Par portion : 130 calories ; Lipides 10,6 g (Saturés 1,1 g); Cholestérol 0 mg; 291 mg de sodium ; Glucides 6,8 g (Fibres 2,5 g); Protéine 4,2 g; Sucre 1g.
« Riz » rapide de Shannon
La clé est de mélanger les ingrédients jusqu'à obtenir une texture semblable à du riz. Le mélange coupe les fibres et rend votre repas beaucoup plus facile à digérer et adapté à l'IBS-C, qui bénéficie à la fois de fibres solubles et insolubles.
Temps de préparation : 5 minutes
Rendement : 4 portions
1 tasse de panais, lavés, pelés et hachés
1 tasse de chou-fleur haché
1 tasse de pignons de pin
1 gousse d'ail
1 cuillère à soupe de jus de citron
1 cuillère à soupe de Nama Shoyu (sauce soja biologique)

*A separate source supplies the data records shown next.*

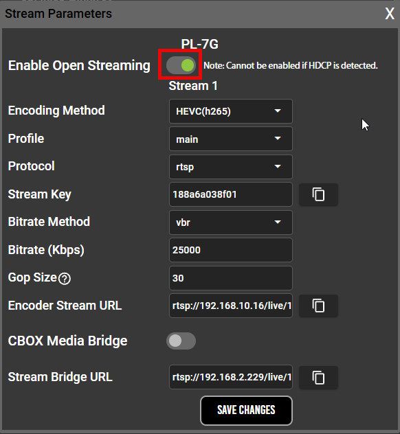 - Turn the CBOX Media Bridge toggle switch to the ON position and click Save Changes. The pop-up window will close. Reopen it and continue to the next step.
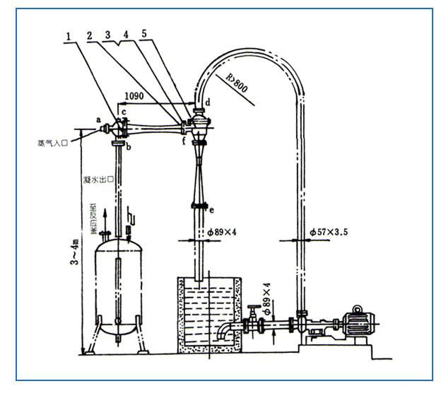 蒸汽喷射器是水力喷射串联蒸汽泵,它是利用水喷射和蒸汽喷射抽吸气体获得真空的新型设备。离心泵将静止水压力提高,压力水从蒸汽喷嘴中高速喷射出来,使喷嘴出口处的压力降低,形成真空,将外界气(液)体抽吸进来,共同进入混合管,通过扩散管而与水力喷射器配套使用,它比机械真空泵具有以下特点:
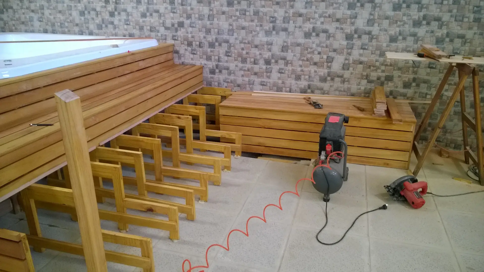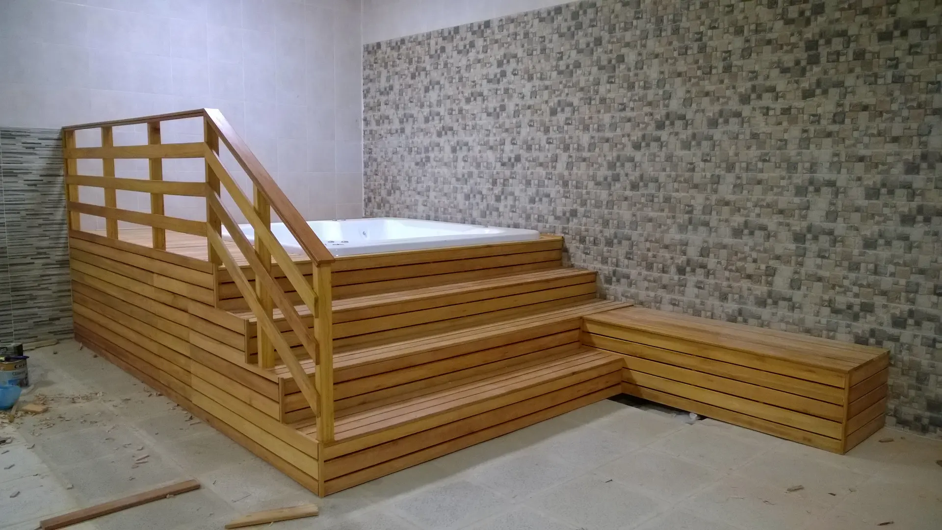 Desafío: Adaptar un hidromasaje de gran formato en un espacio con niveles existentes.
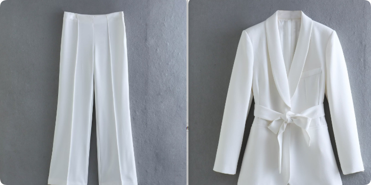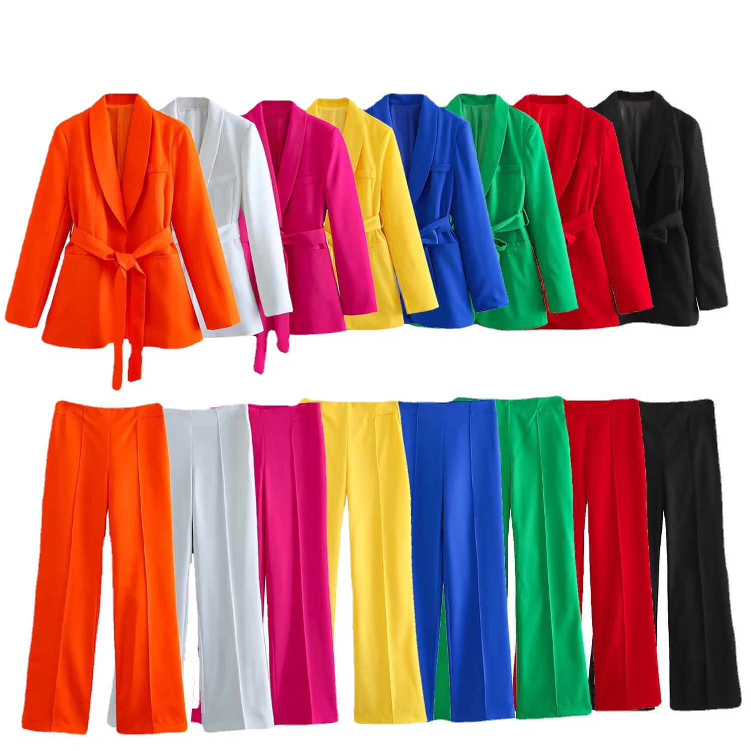 Color: white suit, white pants, Rose red suit, Rose red pants, orange suit, orange pants, yellow suit, yellow pants, blue suit, blue pants, green suit, green pants, red suit, red pants, black suit, black pants
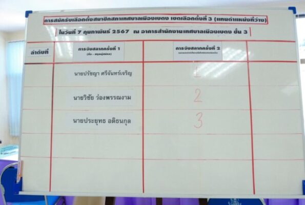 นายอรรถพงษ์ แวสืนิ ผู้อำนวยการการเลือกตั้งประจำเทศบาลเมืองเบตง กล่าวว่า ตามที่ สำนักงานคณะกรรมการการเลือกตั้งประจำจังหวัดยะลา เห็นชอบประกาศให้มีการเลือกตั้งสมาชิกสภาเทศบาลเมือง เบตง เขตเลือกตั้งที่ 3 (แทนตำแหน่งที่ว่าง) จึงประกาศให้มีการเลือกตั้งสมาชิกสภาเทศบาลเมืองเบตง เขตเลือกตั้งที่ 3 แทนตำแหน่งที่ว่างลง เมื่อวันที่ 31 มกราคม 2567 โดยให้จัดการเลือกตั้งสมาชิกสภาเทศบาลเมืองเบตง ในวันอาทิตย์ที่ 17 มีนาคม 2567 ซึ่งในวันนี้มีผู้สมัครเลือกตั้งสมาชิกสภาเทศบาลเมือง เบตง เขตเลือกตั้งที่ 3 (แทนตำแหน่งที่ว่าง)จำนวน 3 คน ดังนี้ นายปรัชญา ศรีจันทร์เจริญ เป็นผู้จับได้ หมายเลข 1 / นายวิชัย ว่องพรรณงาม เป็นผู้จับได้หมายเลข 2 และนายประยุทธ อดิธนกุล เป็นผู้จับได้หมายเลย 3

1 à 2 cuillères à soupe d'huile d'olive
1 cuillère à soupe d'agave ou 2 dattes dénoyautées (facultatif)
Mélanger tous les ingrédients dans un robot culinaire et mélanger jusqu'à ce que le mélange devienne un peu comme du riz. Ne pas trop traiter.
Par portion : 308 calories ; Matières grasses 28,3 g (saturées 2,4 g); Cholestérol 0 mg; 264 mg de sodium ; Glucides 12,5 g (Fibres 3,6 g); Protéines 6,1 g; Sucre 3,6 g.